Hallo Sportsfreunde... Wollte mal fragen ob sich hier auch Mitglieder aus meinem Verein eingetragen haben......SFV LIPPBORG 1935 ev. würde mich über antworten freuen.... Petri und gruss Hoppa.7


----------



## notme (8. Januar 2009)

*AW: SFV LIPPBORG 1935 ev.*

Ja,Ich ;-)


----------



## hoppa.7 (8. Januar 2009)

*AW: SFV LIPPBORG 1935 ev.*

moin jens ja ich weiss,ich glaub wir sind die einzigen hier vom sfv.


----------



## stefanwitteborg (8. Januar 2009)

*AW: SFV LIPPBORG 1935 ev.*

...ich nicht...
...aber bald vielleicht...;-)


----------



## hoppa.7 (8. Januar 2009)

*AW: SFV LIPPBORG 1935 ev.*

moin stefan würd mich freuen,können ja die tage alles klar machen wenn du rum kommst,habe anmelde formulare da gruss hoppa


----------



## werner der1 (24. Februar 2009)

*AW: SFV LIPPBORG 1935 ev.*

moin, ich auch.
Gruß aus Beckum!#h


----------



## AppA (24. Februar 2009)

*AW: SFV LIPPBORG 1935 ev.*

Moin,

ich früher (ganz früher) mal, wohn aber mittlerweile in Niedersachsen...


Gruß
AppA


----------



## hoppa.7 (26. Februar 2009)

*AW: SFV LIPPBORG 1935 ev.*

Doch noch welche vom sfv,schön!!

Grüsse aus Lippborg......|wavey:


----------



## karoass111 (1. August 2009)

*AW: SFV LIPPBORG 1935 ev.*

Hallo,ich auch!Wie sieht es aus?Wird am Kleikmann See gefangen?


----------



## hoppa.7 (2. August 2009)

*AW: SFV LIPPBORG 1935 ev.*

Hy Karoass,
Kleikmann see  gute frage glaub in der letzten zeit wurd nur viel Weissfisch gefangen
bin gespannt wenn  im herbst winter das kraut vom ufer verschwindet und man die schönen steilen kanten ordentlich mit kunst ködern befischen kann,denn wie man hört ist der see voll mit dicken Raubfischen bin gespannt,konnte da bis jetzt mehrere grosse barsche fangen,den grösten hab ich im anglerforum hamm wo ich auch noch aktiv  bin gepostet wenn du lust hast schau ihn dir an....man sieht sich am wasser...

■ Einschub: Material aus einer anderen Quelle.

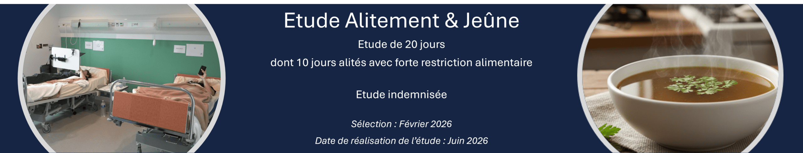 Cette étude, menée à la demande du Centre National d’Etudes Spatiales (CNES), a pour but essentiel d’étudier les effets de l’association du jeûne (restriction alimentaire) et de l’impesanteur simulée par alitement pendant 10 jours chez 10 hommes en bonne santé.  L’étude dure au total 20 jours (+1 jour de suivi), incluant la période d’alitement et les phases pré et post alitement.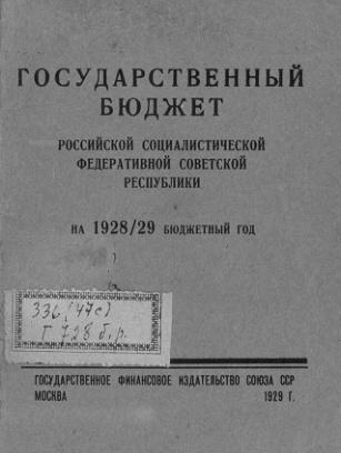 Государственный бюджет РСФСР на 1928-1929 г.г.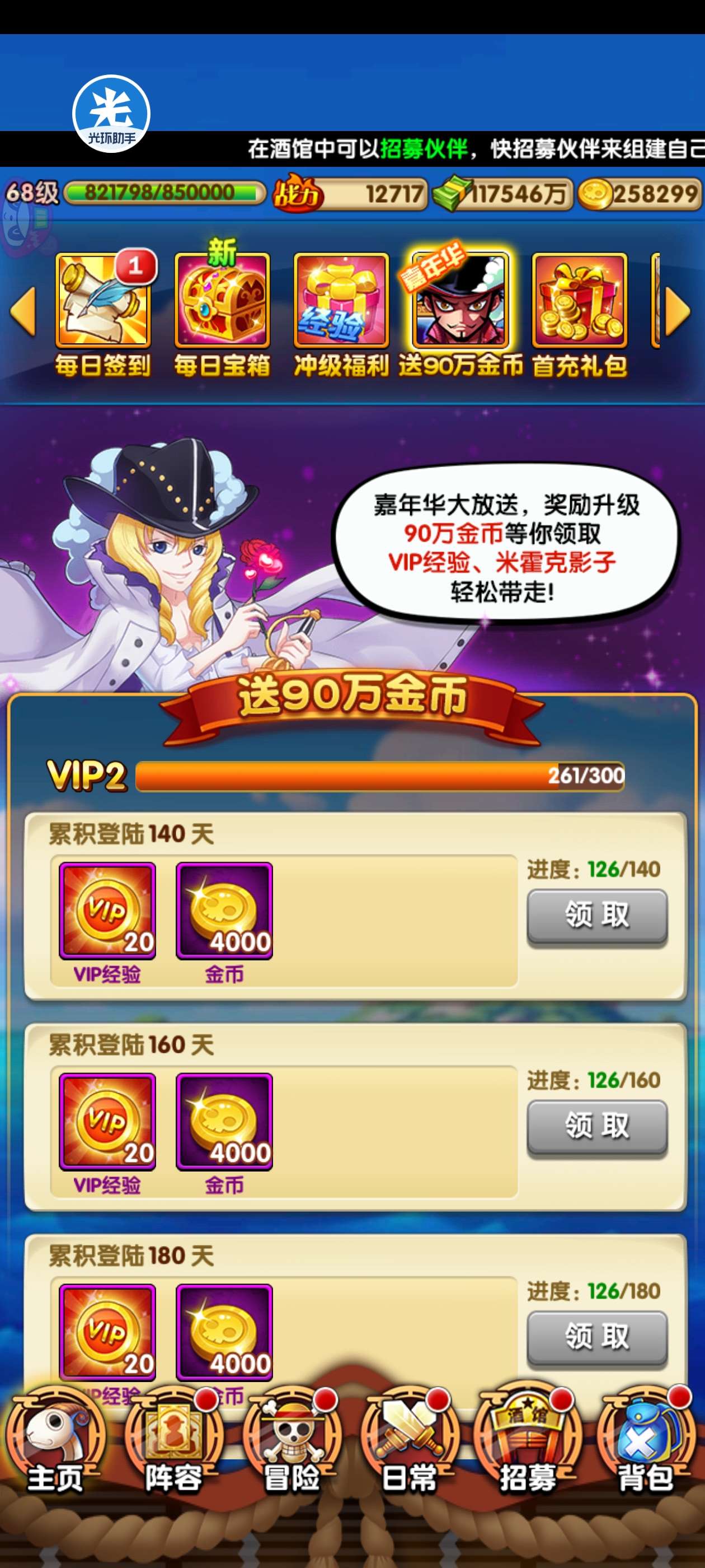 航海王强者之路【安卓果盘】vip3金币20万大量资源

lg Dennis................C&R.................

Spinnfischer#6


----------



## Raubjäger (4. September 2009)

*AW: SFV LIPPBORG 1935 ev.*

jo bin auch im verein


----------



## aal60 (4. September 2009)

*AW: SFV LIPPBORG 1935 ev.*

Und ich quasi Nachbar, Hammer SpFV und ASG Oberwerries,
somit an der gleichen Lippe. #6


----------



## hoppa.7 (3. Oktober 2009)

*AW: SFV LIPPBORG 1935 ev.*

Hallo riedelbauch! 

Ja der Kleickmann ist sehr interessant bin gespannt wenn bald das kraut am rand weg ist,und man die vielen schönen steil abfalenden Kanten schon auf Raubfisch beangel kann....
grüsse nach Ahlen....
lg Dennis........................C&R...................


----------



## Raubjäger (4. Dezember 2009)

*AW: SFV LIPPBORG 1935 ev.*

ich wollte morgen  ma eine  runde spinnfischen gehn am see..
Achja bin in der jungendgruppe.


mfg
kevin


----------



## koy1407 (10. Dezember 2009)

*AW: SFV LIPPBORG 1935 ev.*

petry raubjäger:war am 4.und am 8.12.dez wobbler gummifisch spinner blinker am4. am 8. 3 mal köderfisch nichts gebracht.


----------



## Raubjäger (12. Dezember 2009)

*AW: SFV LIPPBORG 1935 ev.*

Ja ja ist nicht neues ^^Ist oft so war 5 mal da mit Spinnfischrute und hab nur  2barsche gefangen.
Als ich einmal hingefahren bin  und  am teich an kam.Da kamm mir ein angler entgegen der zander und ein hecht hatte aber die war so 50 cm....


----------



## hoppa.7 (13. Dezember 2009)

*AW: SFV LIPPBORG 1935 ev.*

Hy,Zander aus dem Kleickmann?das ist ja mal sehr interessant zu hören,wann war das denn?
LG Dennis.......|wavey:


----------



## Raubjäger (16. Dezember 2009)

*AW: SFV LIPPBORG 1935 ev.*

Puh weis ich jetzt nicht mehr genau...
Weis wohl das da einer  aus der  jungendgruppe da ein zander gefangen hat .Ist der 2 schwärste fisch....

mfg
kevin


----------



## el barto (23. November 2011)

*AW: SFV LIPPBORG 1935 ev.*

moin zusammen 
ich will die nächste Zeit mal ne runde spinnen an der lippe hat einer von euch 
einen guten tipp für eine Stelle.achja im Lippborger Verein bin ich auch.
Zander am Kleickmannsee? das hört sich für mich doch sehr nach anglerlatein an. ich war jetzt schon des öfteren da und konnte nichts fangen.wurde wohl der letzte fisch gefangen.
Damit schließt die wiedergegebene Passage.